Here we query with the same term query, but with a different casing for the search keyword, its now “Name” instead of “name”. Now something intersting happens, this search will not yied us any documents. The reason for this strange behaviour is that “Name” is not existing in the inverted index and hence no documents to show.

So, with the “term” query no analysis is allowed to be done on the search keyword.

3.2.3 Term query — Case 3

Let us consider another case with the term query to see this behaviour, here is the query

curl -XPOST localhost:9200/testindex-0203/testtype/_search -d '{
“query”: {
“term”: {
“text”: “My name”
}
}
}'

In the above case , the search keyword is not analyzed and hence, Elasticsearch is looking for the token “My name” in the inverted index. And since such a term does not exists, elasticsearch will return zero results for the above query too.

This was the case of “term” query in elasticsearch. Let us try a different query called match query and check for the outputs.

3.2.4 Match query — Case 1

Consider the following query:

curl -XPOST localhost:9200/testindex-0203/testtype/_search -d '{
“query”: {
“match”: {
“text”: “name”
}
}
}'

This will give return the response with the indexed document as “name” token exists in the inverted index.

3.2.5 Match query — Case 2

curl -XPOST localhost:9200/testindex-0203/testtype/_search -d '{
“query”: {
“match”: {
“text”: “Name”
}
}
}'

Here, when we used the “term” query for the case 2, it yielded no response. But for match query, whatever analysis was applied to the field that is queried (text) at the time of indexing, the exact same analysis would done on the search keyword (“Name”)also . This makes the search keyword to undergo the “standard analysis” and the search keyword “Name” is changed to “name” (due to lowercase token filter in standard analyzer).

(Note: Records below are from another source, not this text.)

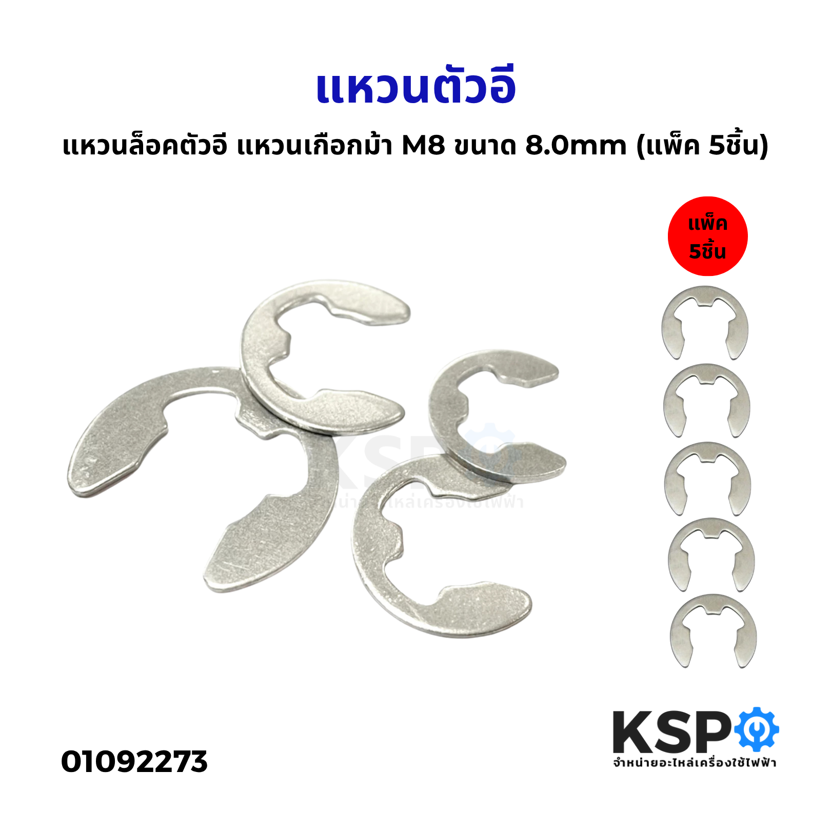 แหวนตัวอี แหวนล็อคตัวอี แหวนเกือกม้า M8 ขนาด 8.0mm (แพ็ค 5ชิ้น) อะไหล่พัดลม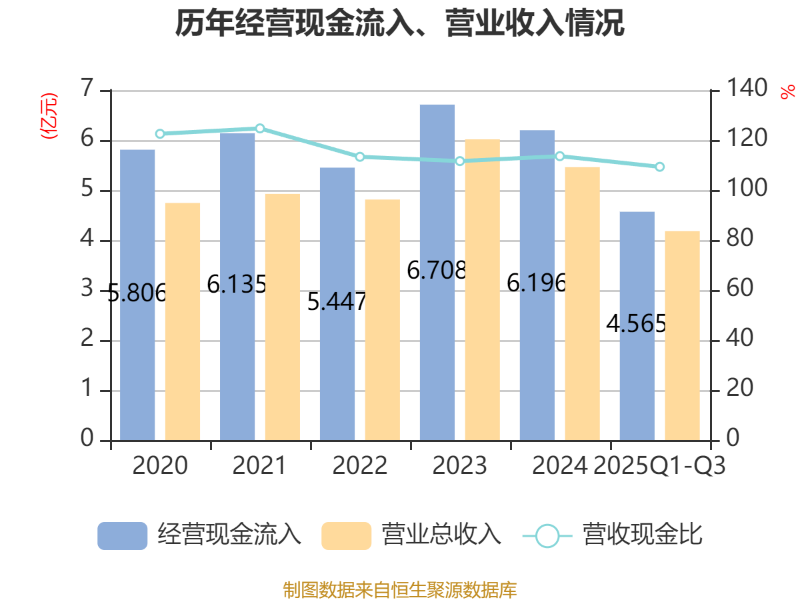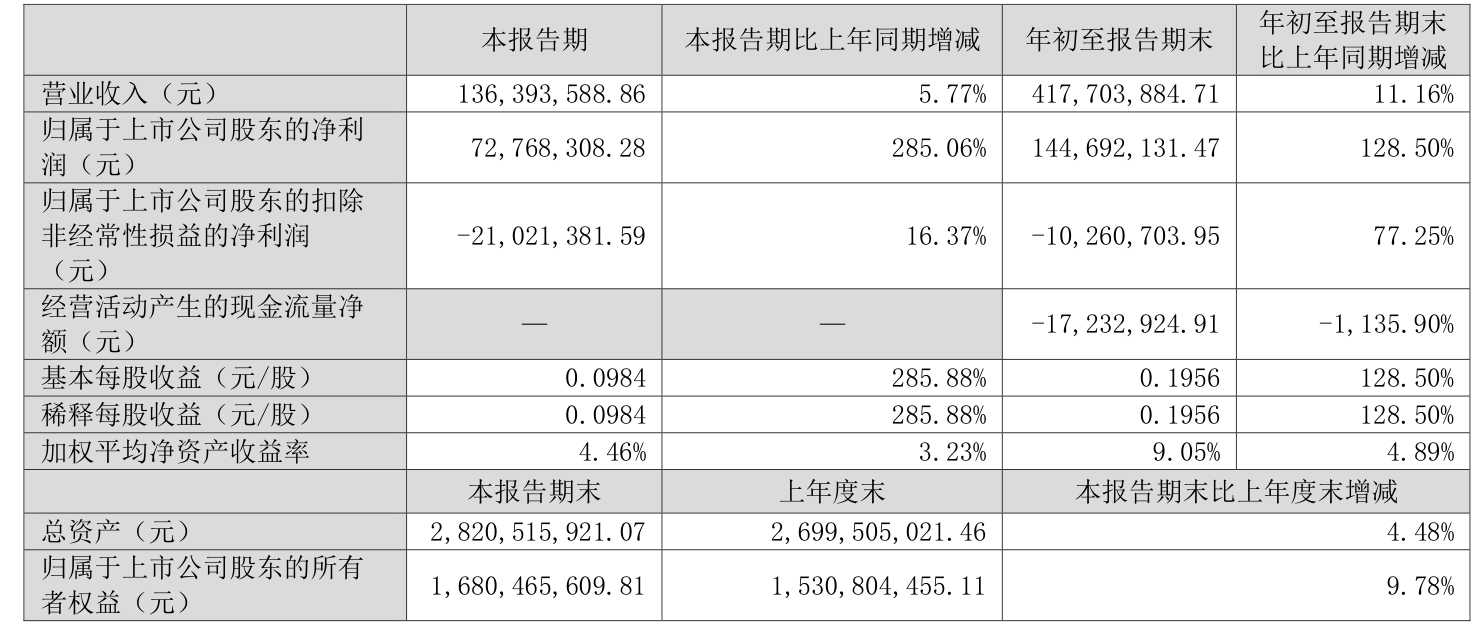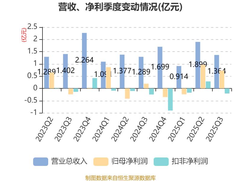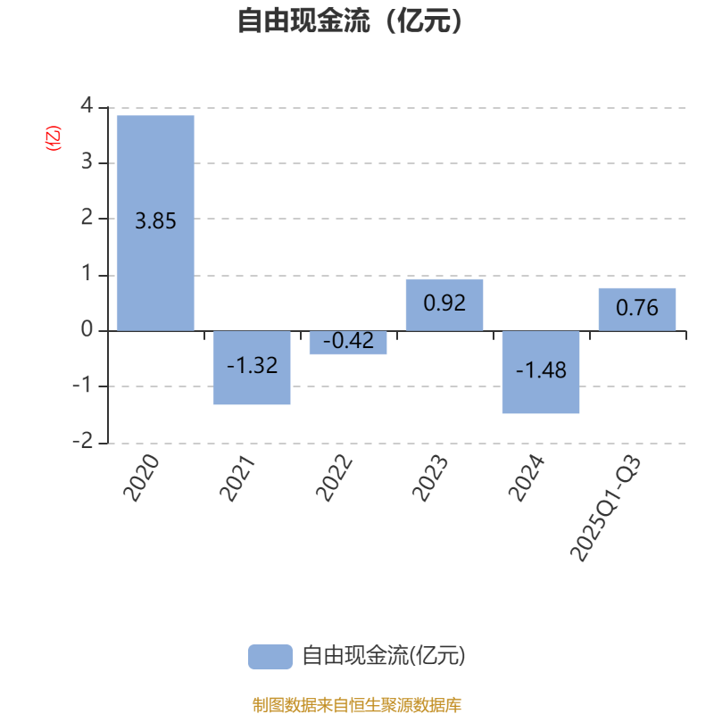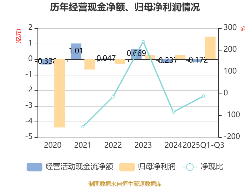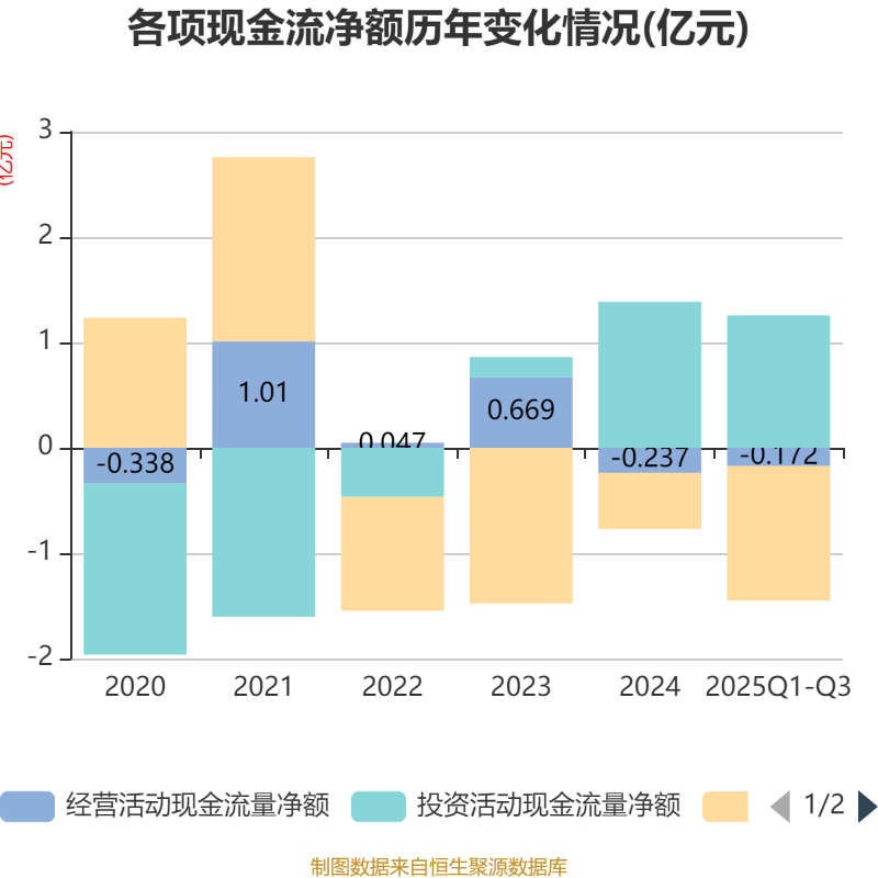 2025年前三季度,公司经营活动现金流净额为-1723.29万元,同比减少1889.65万元;筹资活动现金流净额-1.28亿元,同比减少8419.76万元;投资活动现金流净额1.26亿元,上年同期为3809.04万元。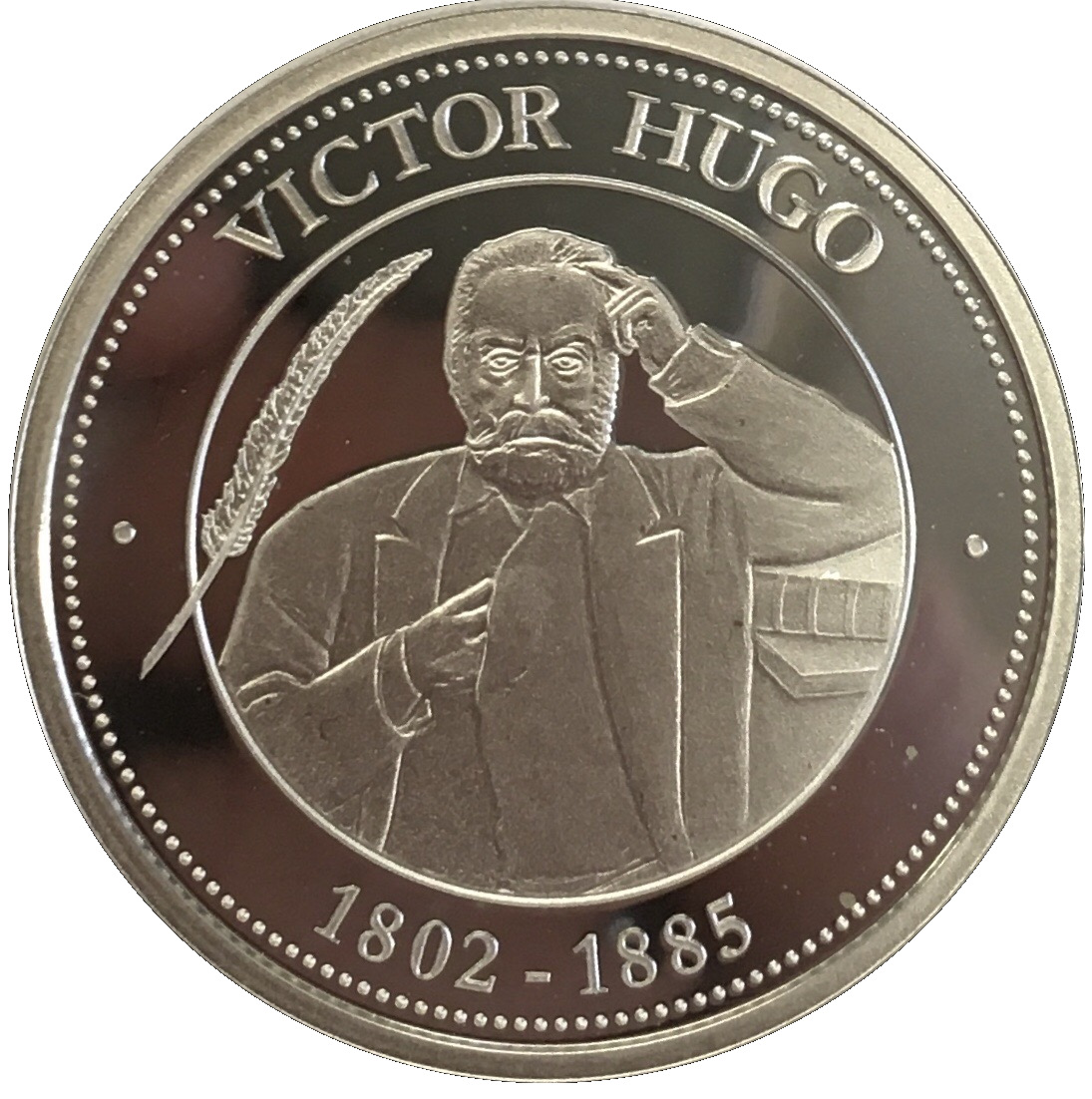 Опис: Портрет Віктора Гюго, французького поета, письменника та романтичного карикатуриста, що спирається на книги. Біля нього лежить перо. Дати народження та смерті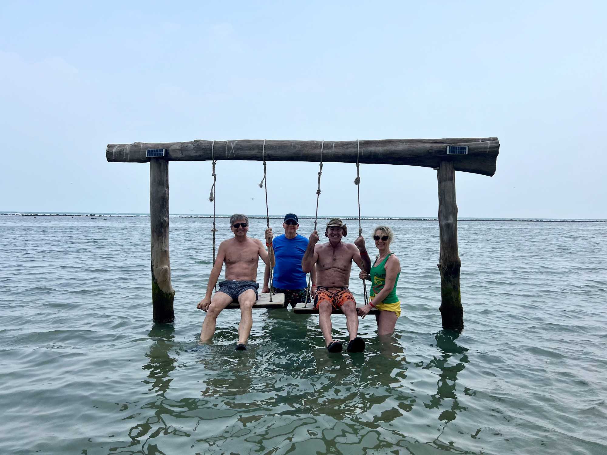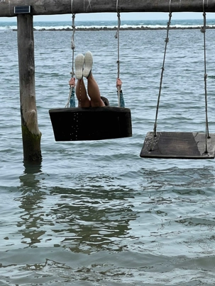 Ce matin, nous sommes plusieurs à avoir marcher sur la plage. Nous avons même trouvé une balançoire dans l’eau: bien sûr les enfants se sont amusés!

This new search keyword “name” exists in the inverted index and the response will have the corresponding document too.

3.2.6 Match query — Case 3

curl -XPOST localhost:9200/testindex-0203/testtype/_search -d '{
“query”: {
“match”: {
“text”: “My name”
}
}
}'

Here the search keyword given is “My name” which will transform in to the keywords “my” and “name” upon undergoing the standard analysis. Both of these keywords exists in the inverted index and hence return the document as the response.

So, depending on the query type, the search keywords are undergoing the analysis (same as that of the field which is queried up on) during the search time. This is called as search time analysis.

Conclusion

In this blog, I have introduced the very basic components of Analyzers and the types of analysis happening in Elasticsearch. In the next blog we wil see how to build our own custom analyzer for a very specific use case.